[R-pkg-devel] license for package

Achim Zeileis Achim.Zeileis at R-project.org
Fri May 29 14:42:19 CEST 2015


On Fri, 29 May 2015, Dirk Eddelbuettel wrote:

>
> On 29 May 2015 at 11:44, Pieter Eendebak wrote:
> | Dear developers,
> |
> | How can I specify the license for my package when my package includes some
> | code with other licenses (and different copyright holders). In particular:
> |
> | - my package is BSD 2-clause
> | - my packages in includes MPL-2 code (Eigen math library)
>
> Narrow comment: If you do 'LinkingTo: RcppEigen' you do not need to include
> the Eigen headers yourself.
>
> | - my package includes some MIT code (different author)
>
> You cannot relicense code by other people.  Their license stays.

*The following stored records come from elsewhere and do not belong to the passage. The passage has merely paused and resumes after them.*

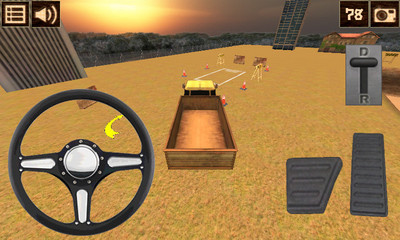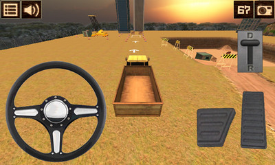 游戏是在3D环境暴露下的重型卡车停车场,有上百个具有挑战性的停车任务。屏幕左下角是方向盘,精密控制转向;右下角是驱动和刹车,D、R分别代表前进和后退。在这里,停车难度逐级递增,带给你逼真的驾驶体验。
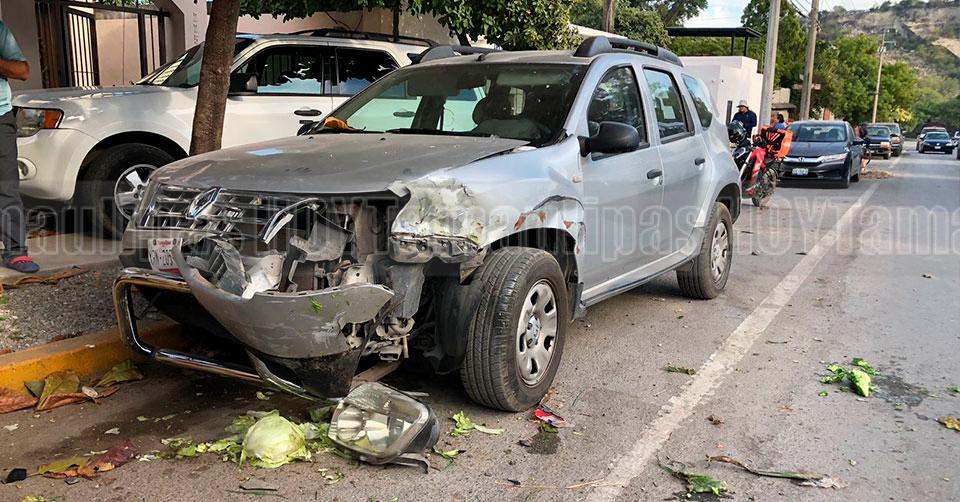 Camioneta cruza camellón y se impacta contra auto estacionado en Victoria; dos lesionados
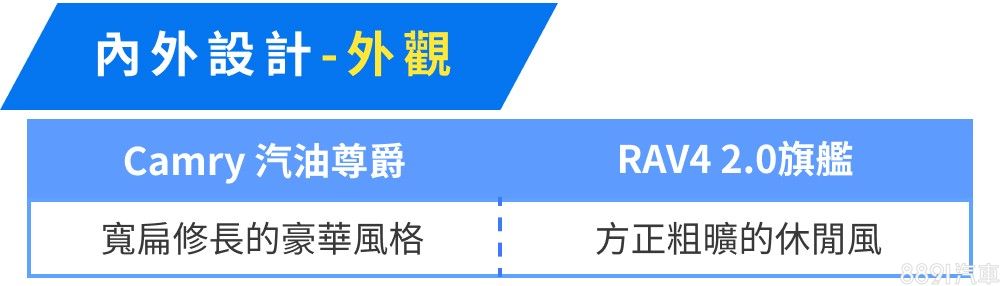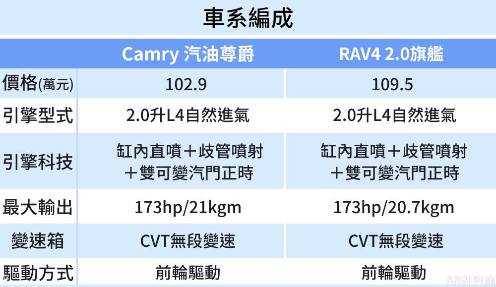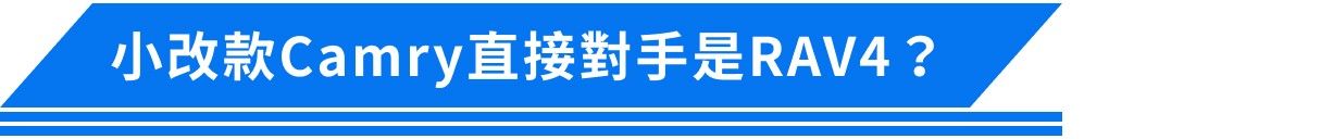 Camry小改款上市後,2.5升汽油版本換成2.0升引擎,降低賦稅負擔,售價也下修至百萬上下,對比同樣日系的Mazda6和Altima,Camry價格顯得更親民,上市首月便帶動汽油款銷量翻倍賣,可說在為數不多的百萬房車市場中,沒有能夠匹敵的對手,同樣在百萬預算,Toyota另提供有熱門休旅RAV4,其汽油2.0前驅車型,不僅與Camry汽油款共享動力及平台架構,就連價格帶也跟Camry幾乎重疊。因此若無特定車型需求,單純想買輛合乎預算的豐田,Camry與RAV4就能同時納入口袋名單。
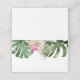 Carte de lieu à thème tropical moderne avec illustration aquarelle de feuilles de monstera, feuille de palmier et fleur de protea roi rose. Parfait pour votre mariage d'été, douche de mariée, douche de bébé ou fêtes d'anniversaire.
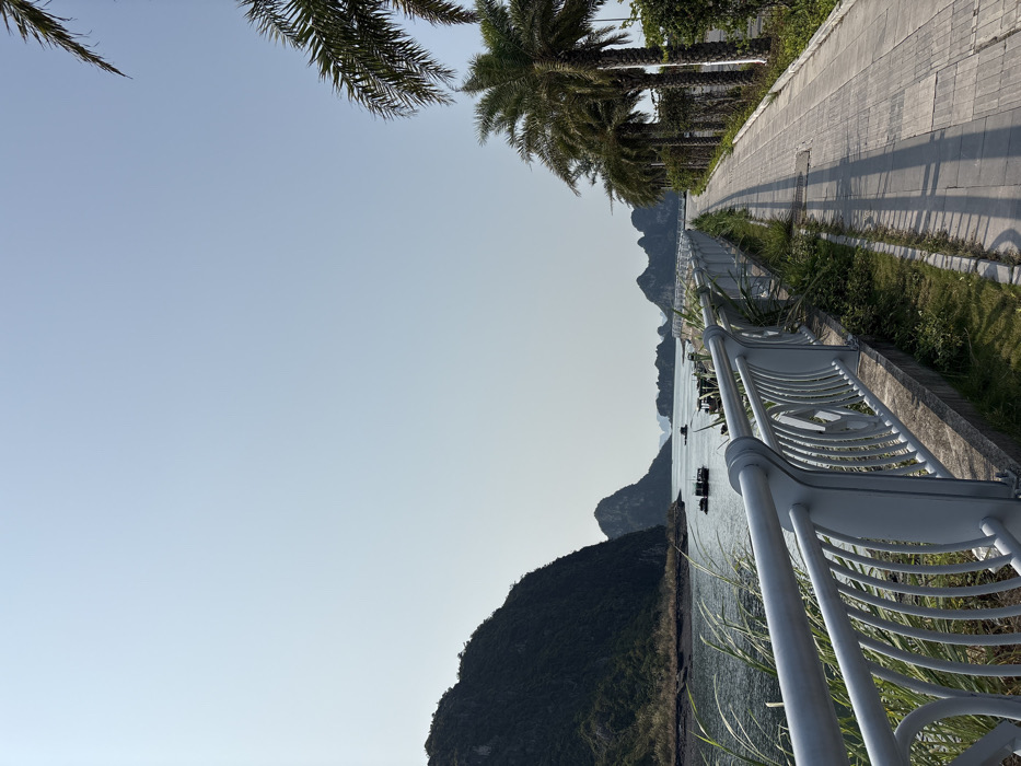 This image displays a coastal scene in Ha Tu Ward, Vietnam, under a clear, hazy light blue sky. A light grey, ornate metal railing extends across the midground, running parallel to the water's edge. To the right of the railing, a paved pedestrian walkway, constructed from light-colored rectangular blocks, stretches into the background. A row of mature palm trees lines the right side of the walkway, casting long, distinct shadows across its surface. Beyond these trees, a paved road segment is partially visible. To the left of the railing, the dark blue-green water of a bay or inlet features several small to medium-sized boats, appearing to be fishing or utility vessels, clustered near the shore. Steep, heavily vegetated karstic limestone mountains rise directly from the water in the left midground and continue into the distant background, forming the distinct geological features characteristic of the region. Sparse green grass and weeds grow in the narrow strip of ground between the railing and the walkway, as well as along the base of the mountains. No individuals, animals, or explicit actions are observed within the frame.
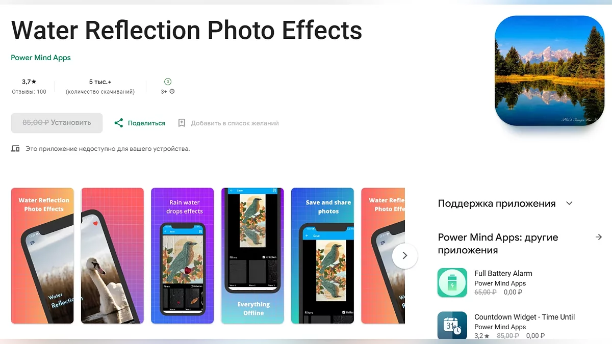 - Water Reflection Photo Effects — программа, которая позволяет добавить фотоэффекты отражения воды к своим снимкам (загрузить бесплатно);
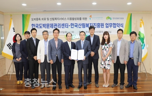 이번 협약은 산림복지서비스를 통해 도박중독자 및 가족의 치유와 회복을 돕기 위해 마련됐다.

To add one detail to this argument: You may be able to sublicense, though. 
Especially for the permissive MIT/X11 license even "trivial" sublicensing 
is allowed as long as the original copyright is preserved. (IANAL, of 
course...)

The OSI had an FAQ at http://ideas.opensource.org/wiki/help/license which 
currently appears to be offline. However, FAQ item 7 was:

-------------------------------------------------------------------------
Q: Can I always "relicense" BSD licensed-software under a new license?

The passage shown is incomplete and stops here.